I am trying to prove that the sequence $ \left \lfloor{ \frac{ 10 + n }{ 2n } }\right \rfloor $converges to 0 by using the episilon method.
I tend to work backwards. So far, I've managed to do the following: \begin{align} |\left \lfloor{ \frac{ 10 + n }{ 2n } }\right \rfloor - 0 | &= |\left \lfloor{ \frac{ 10 + n }{ 2n } }\right \rfloor | \\ &\leq |\left \lfloor{ \frac{ 10 + n }{ 2n } }\right \rfloor | \\ &\leq | \frac{ 10 + n }{ 2n } | \\ &= \frac{ 10 + n }{ 2n } \\ &\leq \frac{ 10 + n }{ n } \\ &= \frac{ 10 }{ n } + 1 \\ \end{align}
Then, I took $ \epsilon > \frac{ 10 }{ n } + 1 $, which lead to having $ n > \frac{ 10 }{ \epsilon - 1 } $. Thus, it is sufficient to take $ N > \frac{ 10 }{ \epsilon - 1 } $ to guarantee that for all $ n \geq N $, $ |\left \lfloor{ \frac{ 10 + n }{ 2n } }\right \rfloor - 0 | < \epsilon $.

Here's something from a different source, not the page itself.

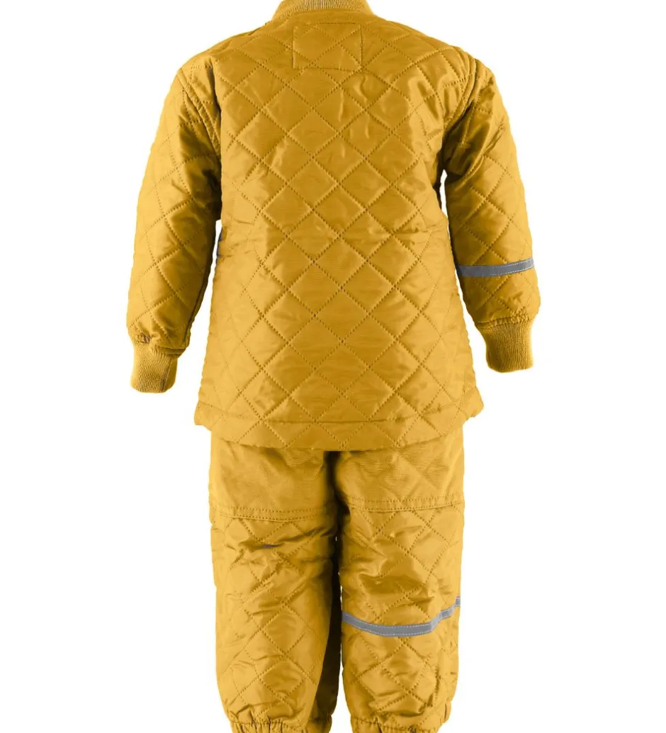 Smart CeLaVi termotøj bestående af en jakke og et par bukser i karry med et flot quiltet design.

The problem I am having is that the previous must hold for all $ \epsilon > 0 $, including $ \epsilon = 1 $. It can be shown manually that for $ n \leq 11 $, $ |\left \lfloor{ \frac{ 10 + n }{ 2n } }\right \rfloor - 0 | < 1 $, so the way I defined $ N $ is not completely incorrect.
I am wondering if there is a way to define $ N $ so that I don't have to consider various cases.

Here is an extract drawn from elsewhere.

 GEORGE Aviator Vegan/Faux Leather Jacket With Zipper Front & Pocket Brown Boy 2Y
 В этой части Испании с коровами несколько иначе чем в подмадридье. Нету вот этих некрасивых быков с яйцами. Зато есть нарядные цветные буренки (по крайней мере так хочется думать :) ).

Of course, if $n>10$, then $\left\lfloor\frac{10+n}{2n}\right\rfloor=0.$ So for any $\epsilon>0$, if $n>10$, then $$\left|\left\lfloor\frac{10+n}{2n}\right\rfloor-0\right|=0<\epsilon.$$ In other words $N_\epsilon=10$. This proves that the limit is $0$.
The reason your first method does not work is that your upper bounds are too loose. The floor function is critical for the limit being $0$, so you cannot just throw it away. Similarly, $2$ in the denominator should not be discarded.